The very effective manner in which productively administered educational programmes can perform a very useful and constructive supporting role in HRD has been amply established through the academic, financial, professional and social success of the educational programmes of the CCS. It is a great pity that we note there is a general resistance to the provision of similar alternate facilities outside the state sector despite inadequate academic staff numbers in universities and reluctance to increase salaries of senior academics to an attractive level.

Recent events have unequivocally proved that the state university system is clearly unable to expand any further except at great loss of quality and efficiency. This has been well illustrated in the unplanned expansion of state universities without planning and inadequate funds to serve largely political ends.

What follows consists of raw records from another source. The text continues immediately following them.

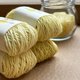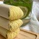 檸檬色(れもんいろ): 日本傳統色定義為略帶綠味的輕淺黃色,與一般台灣常見水果檸檬(或稱萊姆)同名同義。本批染製的顯色程度非常好,明度偏高, 該色單獨使用或搭配其他同色調線材都各有風味。
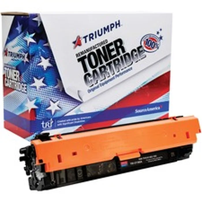 Remanufactured toner cartridge is designed for use in HP Color LaserJet Enterprise M533dh, M533dn, M533n, M553x; Color LaserJet Enterprise MFP M577f, MFP M577dn; and Color LaserJet Enterprise flow MFP M577z. AbilityOne toner provides strategic opportunities to address a variety of customer needs including significant savings, guaranteed performance, compliance with executive orders and free recycling solutions. Plus, every purchase creates jobs for people with disabilities. TAA-compliant cartridge is assembled in the U.S.A., made using 35 percent post-consumer content and meets ISO 14001 recycling standards. It yields approximately 6,000 pages.
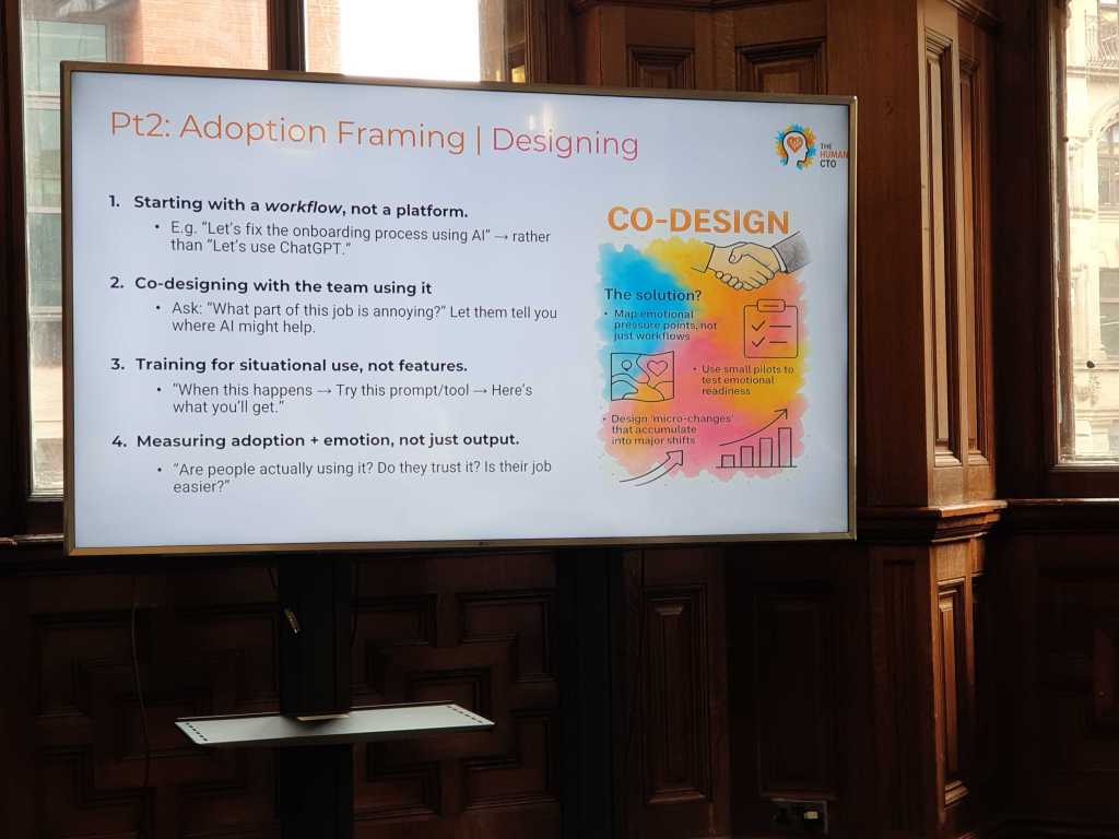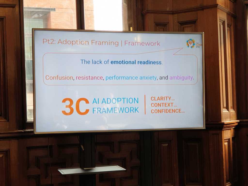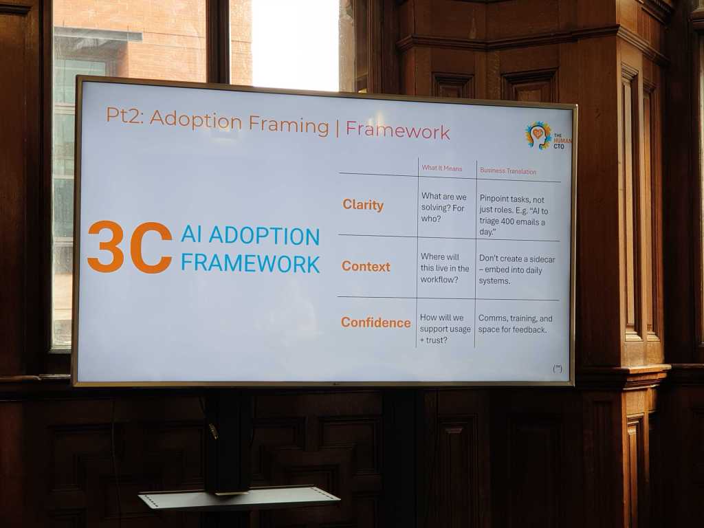 Adoption Framing That Actually Works focuses on rethinking AI deployment. Too often, companies focus solely on technical rollouts, neglecting the people who must use the tools. Successful adoption hinges on designing AI for people, not just processes. The speaker recommends five key questions before implementing AI, challenging organisations to assess who benefits, where inefficiencies lie, and what skills are required. A “3C Framework” — Clarity, Context, Confidence — underpins this approach. Practical tips include designing around workflows, involving staff in solution creation, providing situational training, and measuring emotional as well as operational outcomes. Tools like the “Fear Map” are used to surface anxieties and hopes before rollout.
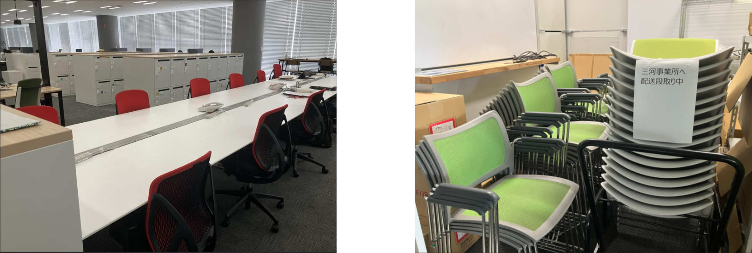 実際のリニューアル工事に入る前にも、何度か断捨離を実施し書類や備品の削減による、スペース創出も行いました。

It is obvious that the quality and equivalence of a university degree cannot be guaranteed merely through a UGC circular that presently states that similar degrees awarded by any university are equivalent to each other.

Knowledge hub

Therefore the government would do much better with greater productivity and less expenditure if it recognizes and supports much more alternate opportunities that could be made available outside the bureaucratic and highly politicized state sector. Broad basing Tertiary Chemical Education need not necessarily be profit oriented as it is generally believed and expected to be.

Opening up educational opportunities outside the state university sector in Sri Lanka, particularly through the non bureaucratic and non politically oriented professional bodies, can in fact have a symbiotic and synergetic effect as well. The College of Chemical Sciences of the Institute of Chemistry Ceylon has convincingly proved how this could be done in order to take Sri Lanka towards making it a knowledge hub in a very practical and efficient manner.